American merchant and naval architect

John Peck (June 12, 1725 Boston – May 3, 1790 Boston) was an American merchant and naval architect of the 18th century. He had been trained as a merchant, and as apprentice in that matter had served at sea as supercargo for a few voyages. Having become interested in naval architecture while studying mathematics in school, the experiences of observing ships at sea furthered that interest. It would appear, however, that his designing of ships was more of a hobby, compared to his main trade as a successful merchant. Additionally, he was appointed inspector of saltpeter in Watertown, Massachusetts, around the time the American Revolution started.

John Peck was married to Hannah Jackson, died 1770, with whom he had a son, William, born in 1763.

== Designing ships ==
Peck's son stated that Peck Sr. never had laid eyes on drawings of ships, but developed his own method to draw plans. The same source admits that these plans later on were close to unintelligible even to Peck Sr. himself, and states that his father only ever owned one book on ship building, although probably not when the first ships of his design and ideas were being built.

Most of Peck's ships were built at yards, in Boston, Plymouth and Newburyport. One was built abroad (Maréchal de Cartries), two on his own land, with a few of the others under his direct supervision in a private ship yard in Plymouth. For the majority, Peck served as naval architect, but he was not a shipwright. This distinguishes him from the other ship-designers of his time, and makes him the first naval architect of the United States, insofar as the term is understood for one who draws ships, but is not a shipwright or -builder as well. In designing ships, Peck appears to have had his own ideas, supported by the building of the Minerva as a means to evaluating them. According to Howard I. Chapelle, he was "secretive, egotistical and easily discouraged," but was a "very clever designer," his ships being reputed as fast, handy, and able to carry a large press of sail.

In 1774, Peck had a ship built to test his own ideas on ship design. Minerva, of about 20 - 30 tons, was exceptionally broad compared to other ships of that time, but proved to be a fast and seaworthy vessel. When he learned that the Massachusetts legislature wanted to build ships-of-war, he submitted plans and proposals and was granted approval. One ship built thus was the brig, or brigantine, Hazard, with sixteen guns, that was constructed in Boston. This ship proved to be a very fast vessel, but her career ended short when she was burned during the Penobscot expedition. Another ship by Peck Sr. was the privateer Belisarius. Being intended for that particular trade, she too was to be fast, a goal achieved according to Joshua Humphreys, who is quoted by Chapelle as saying that she was one of the fastest sailing ships at sea. According to Humphreys, she was spelled Bellesarius and of 110 ft length, with a breadth of 30 ft. Belisarius was captured in 1781 by the British after, as Peck claimed, she had been sent out to sea without sweeps and was caught in a calm. She served in the Royal Navy as a 20-gun ship.

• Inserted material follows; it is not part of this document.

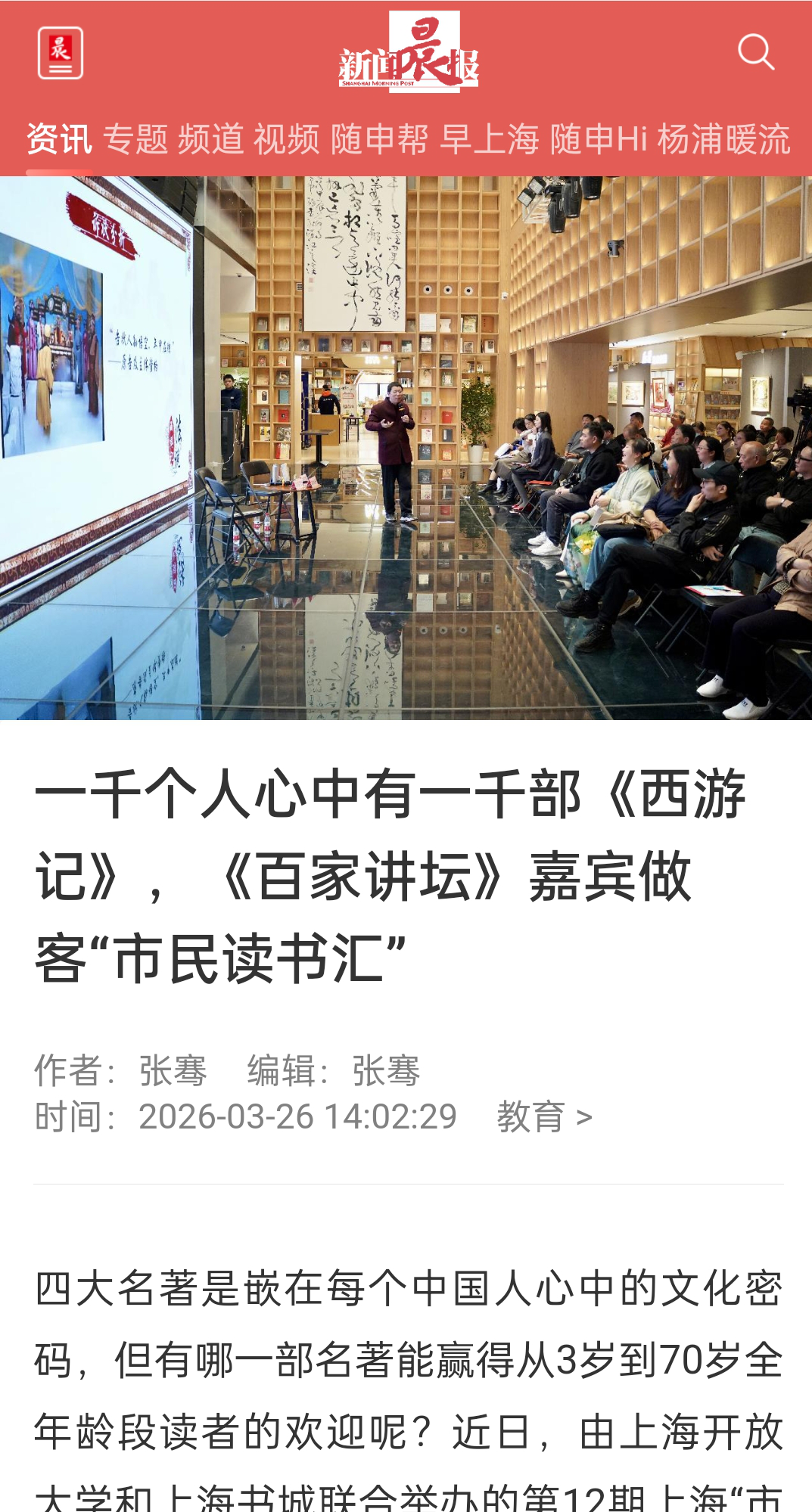 2026年3月22日下午,由上海开放大学和上海书城联合举办的第12期上海“市民读书汇”在上海书城福州路店举行。蒋海松教授带来《<西游记>中的情理法》主题分享。他用新颖的表达方式解锁法治智慧,引发现场掌声和笑声连连。

A better-known Peck design was , the first American ship to arrive at China under the new flag of the equally new nation. Owned by Robert Morris, and others, of Philadelphia, she was built in Boston in 1783. Despite being a rather full ship, she had a reputation for being a fast sailer.

Maréchal de Castries was a ship of 390 tons, built about 1781–1783 in France as an East Indiaman packet. She has the distinction of being the first ship built abroad to American plans.

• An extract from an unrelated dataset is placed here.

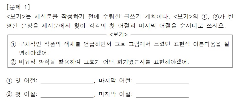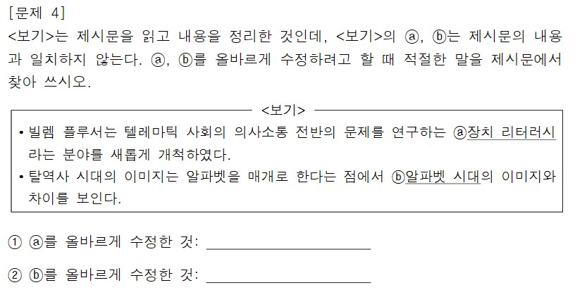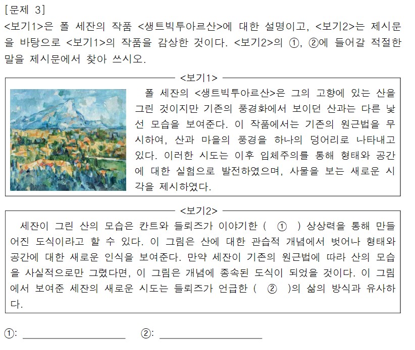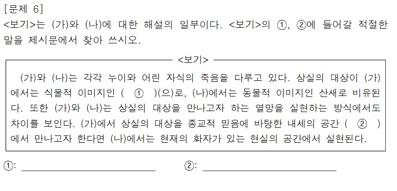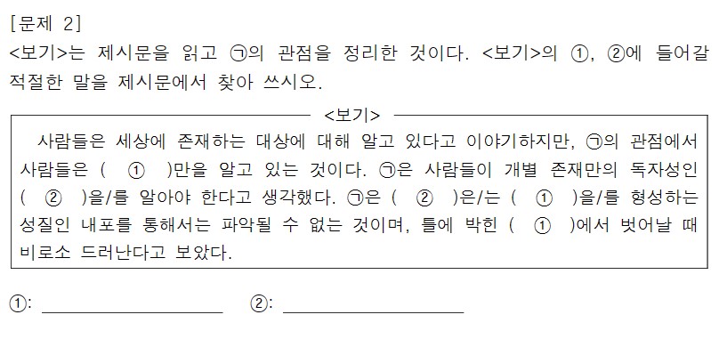 - 문제 유형 : 제시문에서 찾아 쓰기, 제시문 읽고 <보기>의 빈칸에 들어갈 말 쓰기 등

One ship that was probably, but not with certainty, built to his design was the large privateer Rattlesnake which later in the Royal Navy was known as a fast ship as well. According to Chapelle, she was built in Plymouth while Peck was there as well to supervise the construction of the Continental packet-ketch Mercury. Rattlesnakes lines differ from Belisarius, so it might be possible he was experimenting with the design.

Around 1785, possibly earlier, Peck went to Portsmouth, or perhaps Kittery in Maine across the river, where he operated a small shipyard. In 1790, he fell ill and, by doing of his son, went back to Boston where he died in May of the same year.